Tips voor uw Audi banden
1. Controleer regelmatig de bandenspanning De juiste druk voor uw banden staat in de handleiding van de auto en vaak ook aan de binnenkant van de tankklep. De luchtpomp bij het benzinestation vult automatisch de luchtdruk aan tot de waarde die u invult op het display. Voor winterbanden mag u daar 0,2 bar bovenop tellen. Controleer de bandenspanning bij een koude band. Banden met een lagere bandenspanning dan voorgeschreven slijten sneller, hebben minder grip en beïnvloeden het brandstofverbruik nadelig.
2. Meet de profieldiepte 1,6 mm is het wettelijk minimum van het profiel. Maar een profiel van 3 mm kan al driekwart minder water afvoeren dan het profiel van een compleet nieuwe band. Bij winterbanden gelden er andere regels. Vervang uw banden op tijd.

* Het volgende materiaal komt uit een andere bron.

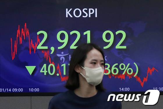 (서울=뉴스1) 민경석 기자 = 14일 오후 서울 중구 하나은행 딜링룸 전광판에 코스피 지수가 전일 대비 40.17P(1.36%) 하락한 2,921.92를 나타내고 있다.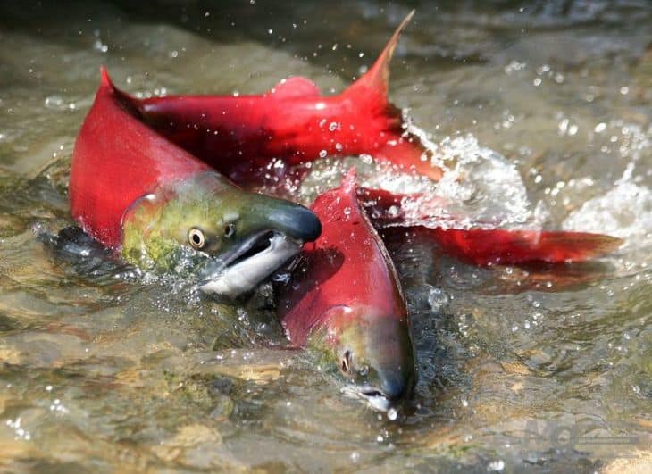 ▼這種配色奇怪的魚類就是鮭魚。鮭魚出生在淡水中,但會游到大海中生長。每年的產卵季,牠們的身體都會變成紅色,並順應太陽和地球磁場的引導,成群結隊洄游到淡水出生地繁殖。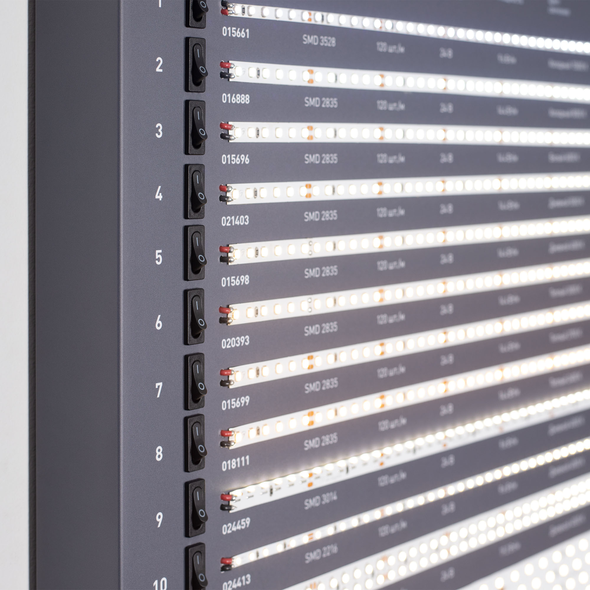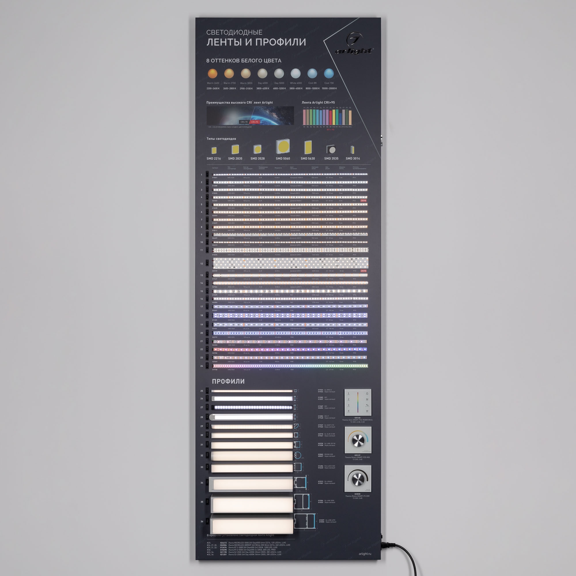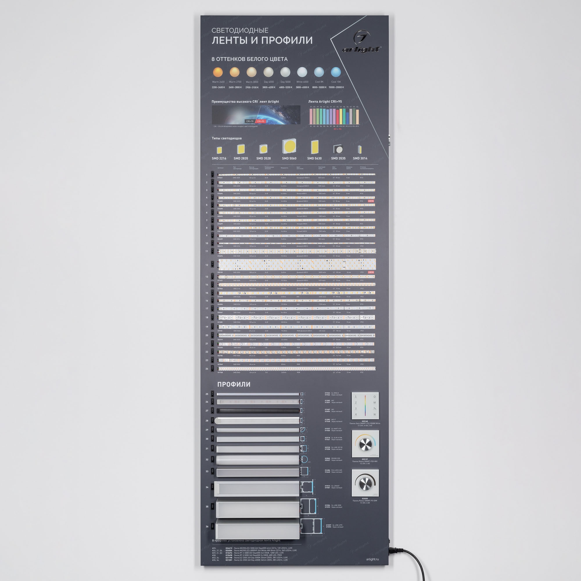Обзорный стенд по ассортименту светодиодных лент и профилей.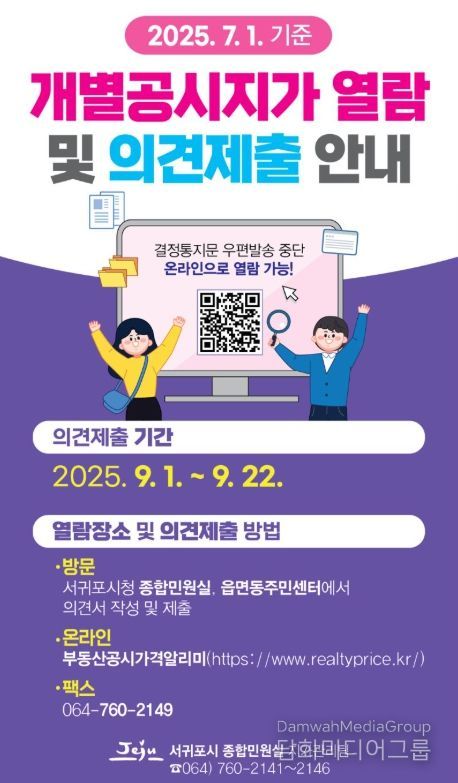 시민행정신문 강갑수 기자 | 서귀포시는 2025년 7월 1일 기준 개별공시지가 산정을 완료하고, 9월 1일부터 9월 22일까지 개별공시지가 열람 및 의견 제출 기간을 운영한다고 밝혔다.

3. Vervang beide banden op dezelfde as, ook wanneer slechts 1 band is afgesleten ‘Ongelijke’ banden zijn niet bevorderlijk voor de grip. Een ongelijkmatige bandenslijtage duidt vaak op een scheef wiel. Dit kan veroorzaakt zijn doordat het wiel te hard een stoep heeft geraakt. Het probleem kan verholpen worden door de auto uit te lijnen.
4. Check van tijd tot tijd de band op beschadigingen Grote barsten of uitstulpingen kunnen leiden tot een klapband.
5. Controleer regelmatig uw reserveband.
6. Ook uit een ongebruikte reserveband kan lucht ontsnappen. Controleer daarom regelmatig de spanning van de reserveband.